There are few things more demoralizing than being treated like a criminal in your own university. Yet we all know the feeling: it happens everytime you exit the bookstore on Broadway.
We all know the drill: “I need to see your receipt,” says the imposing security guard who stands sentry at the doors, looking like he belongs more in the Secret Service than a university bookstore. Because he appears to possess the ability to tear you limb from limb, you stop, open your bag and hand him your receipt.
He ruffles through your bag — because if you were shoplifting books, you’d definitely hide them in an NYU bookstore bag — makes sure everything matches the receipt and sends you on your merry way. If you’re lucky, he’ll say “thanks.”
The receipt-check, a security measure enforced at many national retailers, in addition to our own bookstore, is both shame-inducing and time consuming. That the measure is enforced by the university on its own students only adds insult to injury.

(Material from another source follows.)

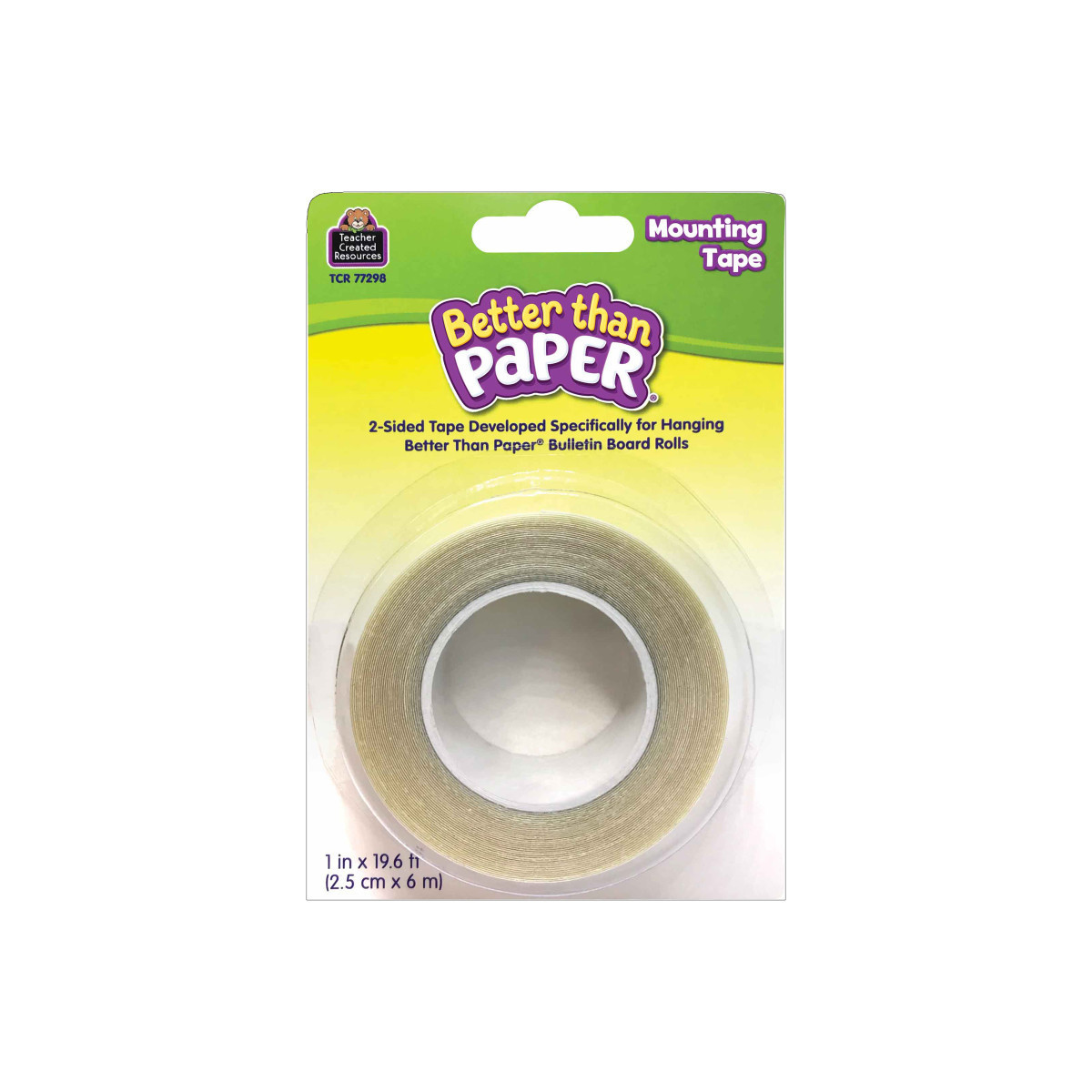 Securely hang your bulletin board rolls with this high-tack double-sided adhesive. This mounting tape is specifically designed to hang Better Than Paper® from virtually any surface! Use it on painted brick, painted walls, fabric bulletin boards, cloth cubical walls, whiteboards, wood trim, plastic surfaces, metal doors, and much more! Also works with butcher paper, and other types of bulletin board paper. PLEASE NOTE: Better than Paper® Mounting Tape is strong and could potentially cause damage when removed from certain surfaces. To protect these surfaces, we recommend using a piece of Mavalus® tape or tape specifically designed not to damage walls as a buffer between the Better than Paper® Mounting Tape and the surface to be protected.

After I’d received the usual treatment while book-shopping last week, I felt feisty and asked the guard: “I was wondering, are we required to stop and get our receipts checked?” He lifted his hand, and for a split second I was certain we were about to come to blows over questioning his marginal authority. But he was just motioning me along. There was another potential shoplifter to be questioned.
But as a few quick Internet searches soon illuminated, you are not, in fact, legally required to let the security guard check your receipt. “Unless you’ve met your state’s definition of probable cause for shoplifting,” Consumerist reports, “a retailer has absolutely no right to detain you.”

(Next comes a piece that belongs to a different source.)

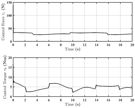 The control inputs are shown in Figure 7. The axial force and joint torque are smooth and continuous, confirming that the boundary layer technique effectively mitigates chattering. The inputs remain well within the predefined saturation limits of N and Nm.

This makes sense. You’ve already bought the books. Yes, sixty seconds ago they belonged to NYU Bookstores but now they are your personal property. Why would you let someone else search through your personal property? When the guard asks to see your receipt, you have every right to just keep walking.
We can’t blame the bookstore for keeping a tight watch on its wares: NYU alumn Tao Lin detailed his experience shoplifting from the NYU computer store in a post for Gawker. And the university isn’t known for placing trust in students.
Is having your bag checked as you walk out the door the biggest offense? Of course not. Sure, most of our bitterness is probably lingering resentment for the authoritarian mall cop in high school who said we couldn’t loiter outside the food court blasting Blink-182 from our iPod Touches, but in this Kafkaesque parade of red tape and bureaucracy we call college, you’ve got to take little victories where you can get them. So next time you’re buying books, blow right past the guard as he asks to search your bags. It’ll feel good. Afterwards, you can celebrate your handy defeat of the man with a beer at Brad’s.








Well, not exactly. The real reason those tough guys are there is if you try to ignore/circumvent them, your activity is deemed suspicious enough to constitute “probable cause” for detaining you. Is it constitutional? Questionably so, but it works. And let’s face it, no one is going to the Supreme Court over a textbook, no matter how expensive.
This article is right on. The exception being for warehouse stores like Costco, where you’ve signed an agreement to allow them to check your bag/receipt upon leaving. But for other stores, they have no right to detain you unless they suspect you of shoplifting.
Thank you for this! I’m tired of these so-called guards labeling me as “easy” and “loose” just because I had to buy a Sophocles book for a MAP course.